What has happened in the last week... Where to get started....

I have successfully spent the last week on my TPN. With this, I have been allowed only clear fluids + gummy bears. That's it. I must say its been hella hard to sit around and watch others munch down on whatever it is that's around while I am stuck drinking broth and eating gummy bears. If I was 10 years youngers, I would have thought 7up and gummy bears would have been Heavenly for a diet. Then I grew up and learned to appreciate food. I have to say the worst was last weekend when I took the family over to the grandparents house for dinner. I was happy to see everyone and to be out of the house and visiting people, but Frank does some of the most AMAZING food in his smoker, and he did a whole ham.
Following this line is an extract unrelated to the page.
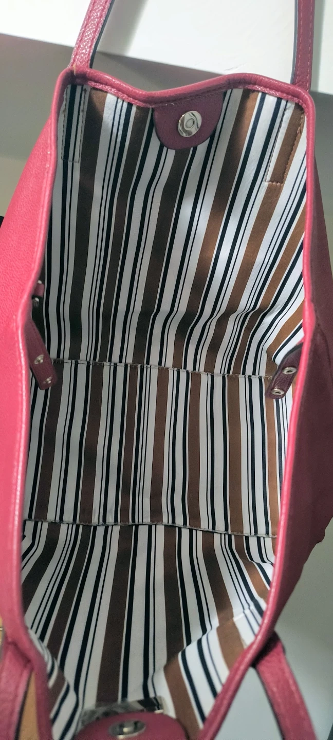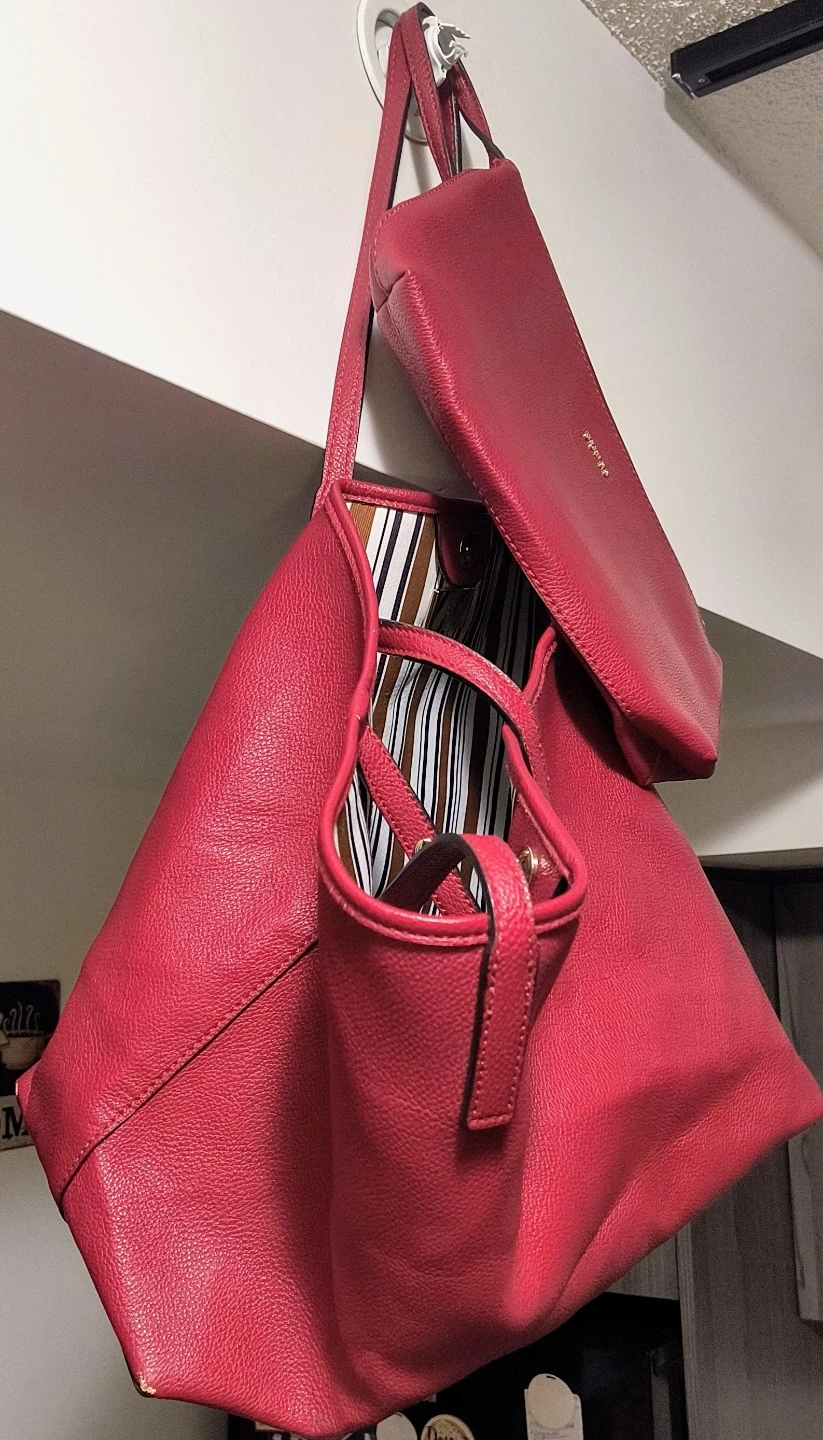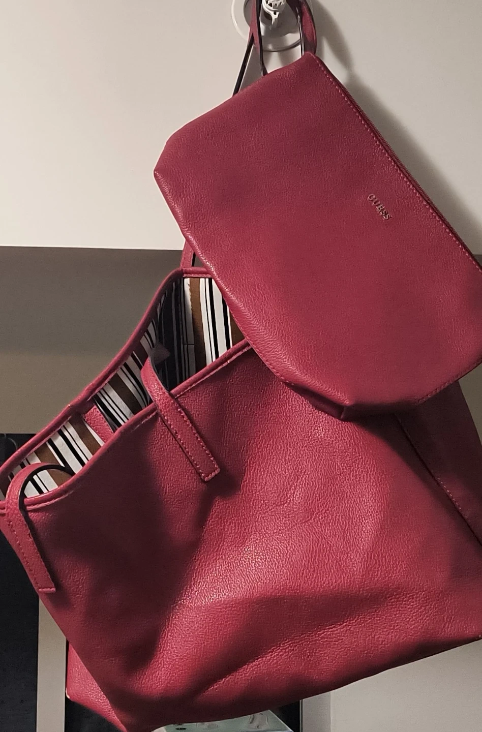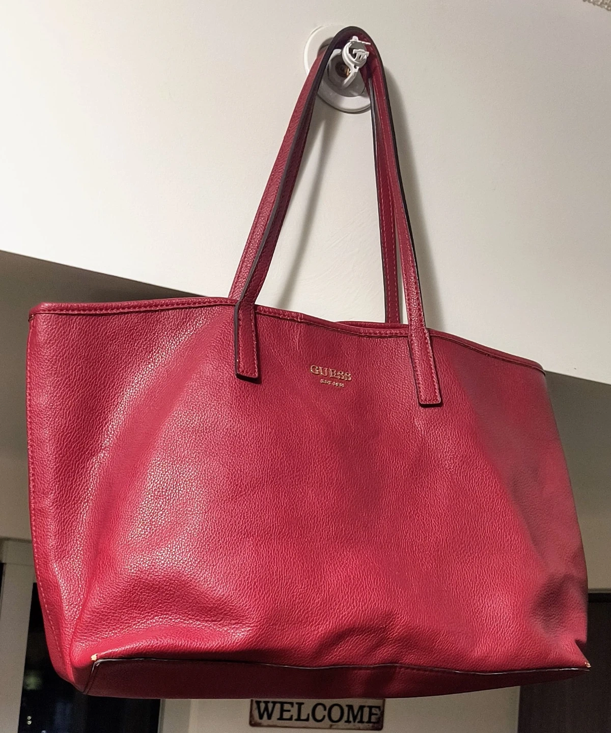 This is a Red Guess Deep Tote Bag. It is vegan leather, has a striped lining and comes with a matching smaller pouch (perfect for makeup/accessories). Great for everyday use!

That was a bit painfull to watch people eat that and not be able to enjoy it. Since then I have been better about my jealousy. Being on the TPN is kinda a trip to me. It takes 12 hours a day to infuse everything that I need for the day. They tell me that I could injest nothing else and be just fine. That's kinda weird to think about when you are up and mobile. It's kinda been cool to get use to though. The kids get a little weird seeing daddy hooked up with a tube in his arm half the night.

The family has been amazing through all of this. I know it can't be easy on them seeing daddy in a lot of pain or my wife knowing that I am unable to help out around here as much as I want to. They have been a constant source of energy for me! I know that all that I am dealing with right now is to get me into a place where I will be around for years to come to help them out through everything.

I am starting to fade for the night. I will get more down in the morning.

Life is an interesting mistress... I hope to be around long enough to figure her out!